Lin snarled at the ground beneath her feet. Every step was a task of Olympic proportions, and she felt as if her body might crumble to dust under the strain. She didn’t dare look behind her at the path she had trodden, for if she did, she might have realized that the slope was not nearly so steep as to cause this amount of trouble for her. She might then have had to face the weight pressing upon her soul, begging for her to lie down and drop into the abyss.
Just a few steps further and Your burdens shall be lifted.
A dull part of Lin’s mind knew that she should have feared the ominous nature of those words. Instead, they brought her such relief as to push her forward, the jagged syllables forming wings to rip from her back and lighten the load.
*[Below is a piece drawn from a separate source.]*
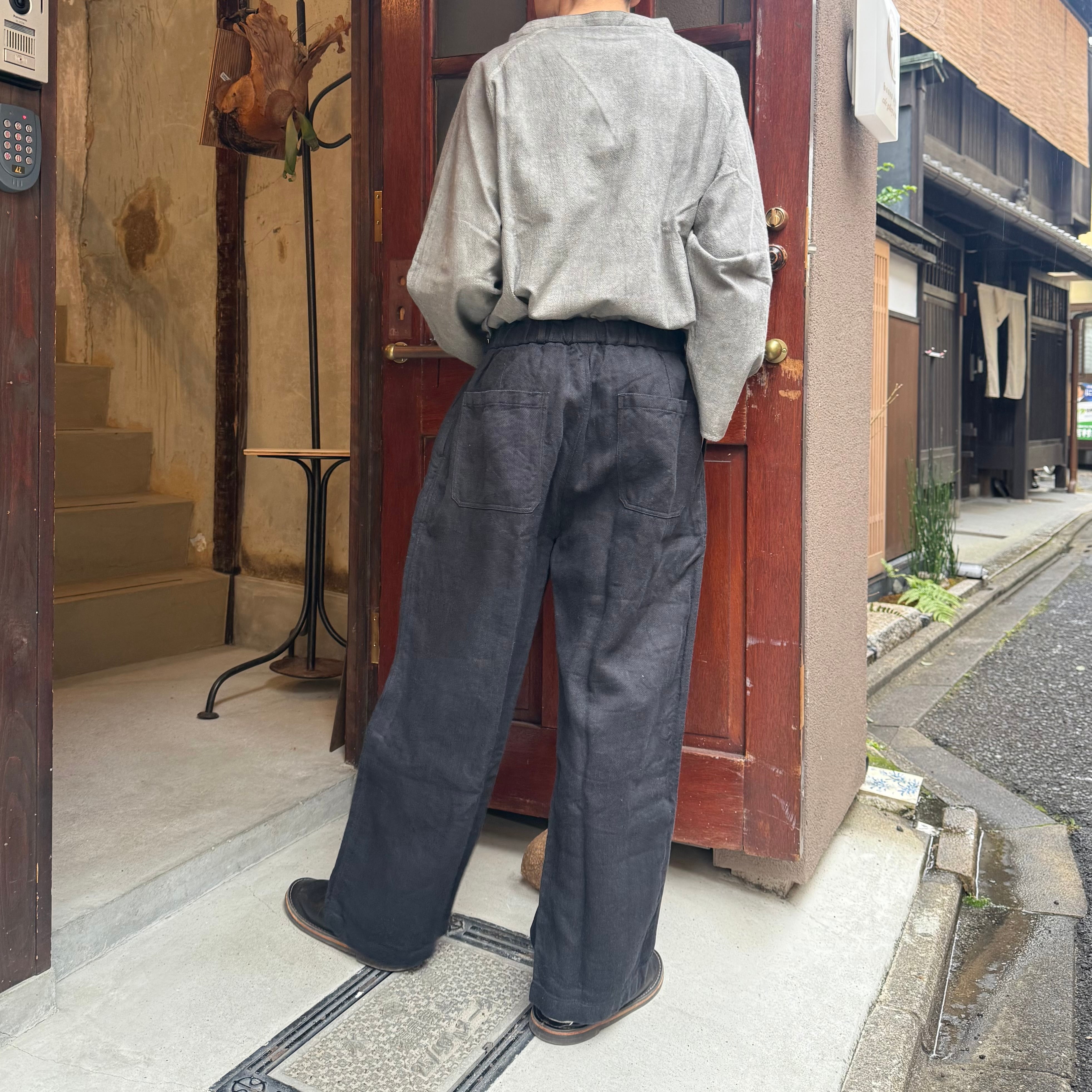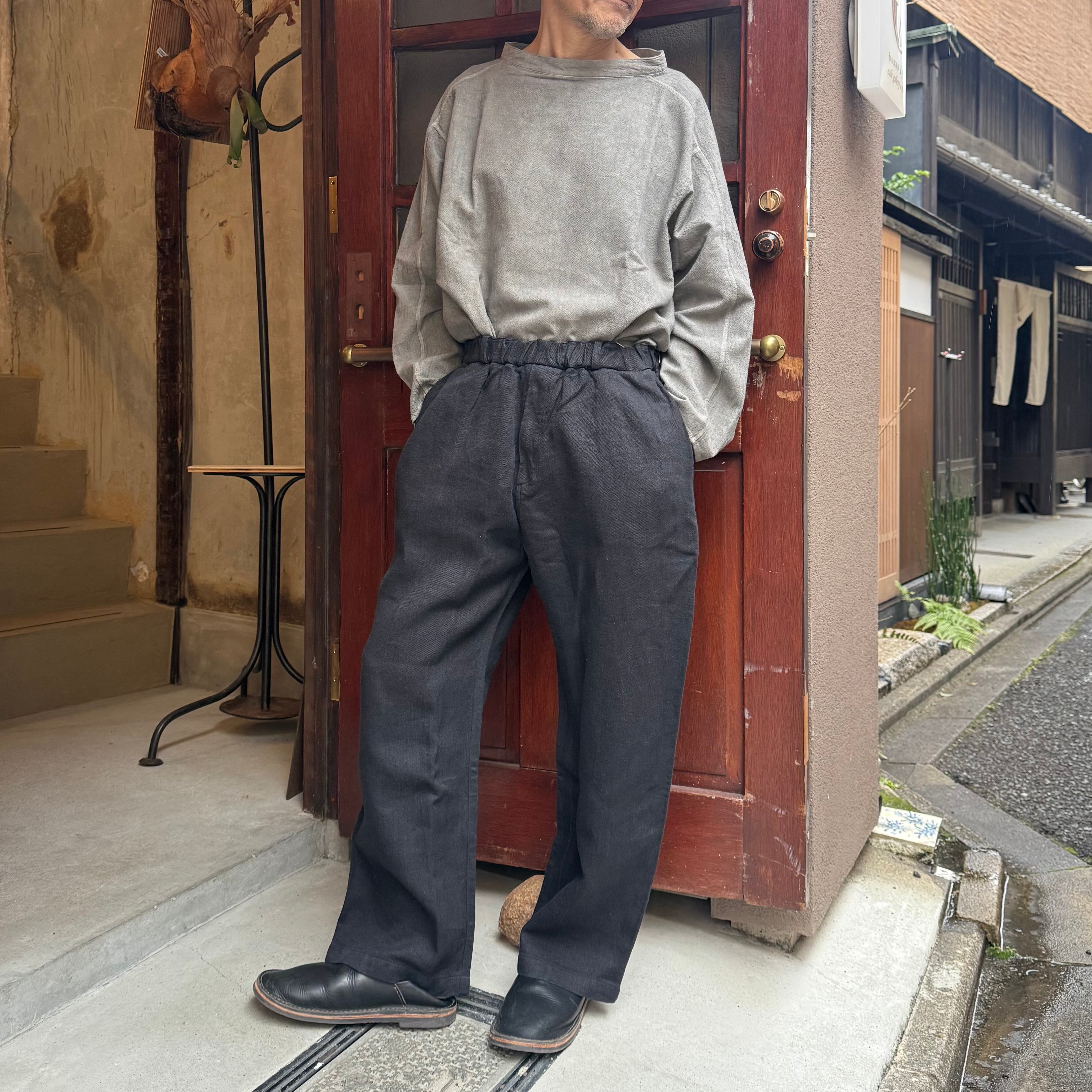 ウエストゴムと内側のオーガニックコットンの紐で、ベルトを用いなくても着用が可能ですが、ベルトループが付いていますのでお好みで使い分けいただけます。パターンはPT-69をベースに、裾幅を太くしたストレートシルエットとし、後ろポケットも若干大きくしています。

The crunching of gravel beneath her feet shifted. Lin face was angled straight ahead, but she found her gaze focused downward, to so deep within the core of existence that none of reality could penetrate her pupils. Lifting her eyes, Lin found herself standing atop a flat-topped hill peak, covered in rich, black soil. The entire area was bare save one circle of stones containing the final, faded traces of ash and burnt timber.
You came here to dance.
Lin’s throat clenched.
You and T̷͈̒ẖ̷̍́ǫ̷̘͇̜̜̍n̷̳̟̜͗̍̓͜͜å̴̹̹͂ thought yourselves so clever for crossing the tempest to get here.
An old, rotten and crumbling wood boat could just be made out on the distant beach. Lin envied the dead vessel.
You thought yourselves so brave for staying.
Lin stumbled to the center of the hilltop. The black dirt was stained rusty brown. She forgot how to breathe, air coming in and out with panicked, unsatisfying gasps.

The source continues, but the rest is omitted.